Незнакомый, а значит — некачественный, не такой, как мы. А все незнакомое несет в себе некоторую угрозу, согласно мнению пещерного человека. Поэтому лучше бы незнакомца обездвижить, посадить в клетку или вообще убить. Тогда угрозы будет меньше.
Мысль о том, что незнакомец может прийти и с добрыми намерениями, и научить чему-то новому, тогда крайне редко приходила пещерным людям в головы.
Позже, с развитием цивилизации, атавизмы пещерности, конечно, сохранились, но в связи с усилением связей между различными народами в то же время началась трансформация пещерного патриотизма: все полезное у других перенималось, все вредное (с точки зрения данного социума, народа) — отвергалось. Так начиналось взаимовлияние культур. В результате которого мы находим теперь общие следы в языках, обычаях совершенно отдаленных друг от друга этносов. Казалось бы, что общего между венграми и финнами? Или между испанцами и грузинами? Между собой они могут чувствовать себя чужаками. Но чужие ли они в самом деле?
Финны и угры (венгры) пришли в Европу в стародавние времена из-за Урала. Иберы (Испания) и имеретинцы (Грузия), судя по всему, представляют также одну и ту же этническую группу. Славяне рассеяны по всей Европе и в Азии в огромных количествах (до Урала и пред Уралом, на Волге, до Днеправ и за Днепром, до Дуная и за Дунаем, до Вислы и за Вислой…)
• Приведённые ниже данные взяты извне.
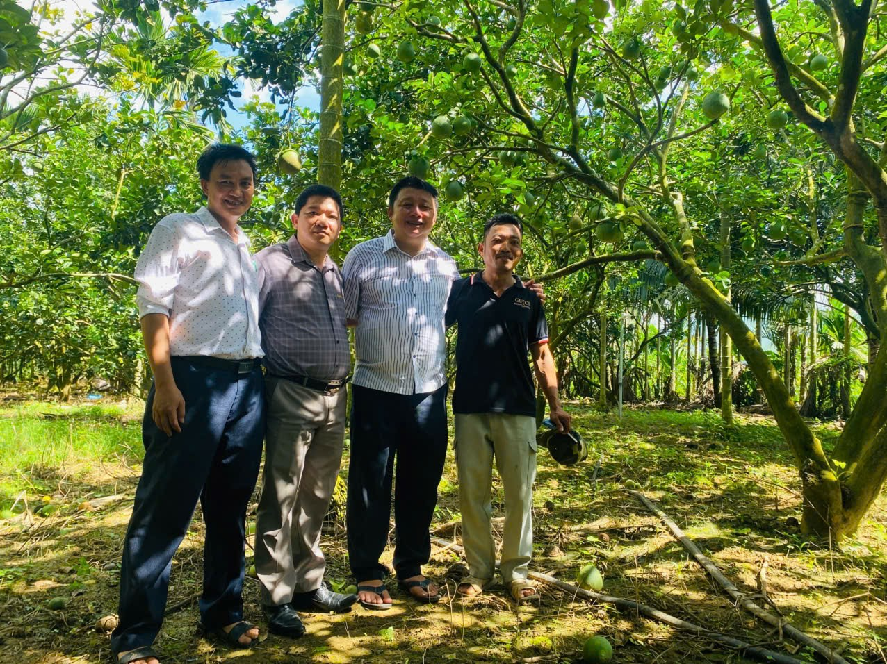 Tiếp đó, các đồng chí lãnh đạo đến thăm mô hình trồng Bưởi da xanh của hộ ông Nguyễn Thành Thông, thôn Vạn Trung, có diện tích đất canh tác 2,4 ha, với số lượng 250 cây, vườn trồng hợp lý, áp dụng kỹ thuật cắt tỉa, tạo tán và chăm bón đúng quy trình, vườn bưởi của ông Thông cho năng suất ổn định, chất lượng quả ngon, được thị trường ưa chuộng. Mô hình này đã và đang đem lại thu nhập khá, góp phần cải thiện đời sống gia đình, đồng thời tạo động lực để nhiều Hội viên nông dân học tập, nhân rộng.

Как же так случилось, что спустя столько тысячелетий после каменного века мы опять стали делить друг друга по каким-то формальным признакам? Ведь все-таки «патриотизм» — это, прежде всего, любовь к Отечеству, готовность подчинить свои частные интересы его интересам. Заметьте, «к Отечеству», а не «к Вашему превосходительст
Напомнить Лермонтова:
Люблю отчизну я, но странною любовью!
Не победит ее рассудок мой.
Ни слава, купленная кровью,
Ни полный гордого доверия покой,
Ни темной старины заветные преданья
Не шевелят во мне отрадного мечтанья.
Но я люблю — за что, не знаю сам —
Ее степей холодное молчанье,
Ее лесов безбрежных колыханье,
Разливы рек ее, подобные морям.
Напомнить также Ганди:
Мой патриотизм — это не замыкание на одной нации; он всеобъемлющ, и я готов отказаться от такого патриотизма, который строит благополучие одной нации на эксплуатации других.
Или Теодора Рузвельта:
Патриотизм — означает поддержку своей страны. Это не означает, что патриотично поддерживать президента или иных должностных лиц. Только в той степени, в какой они служат интересам страны.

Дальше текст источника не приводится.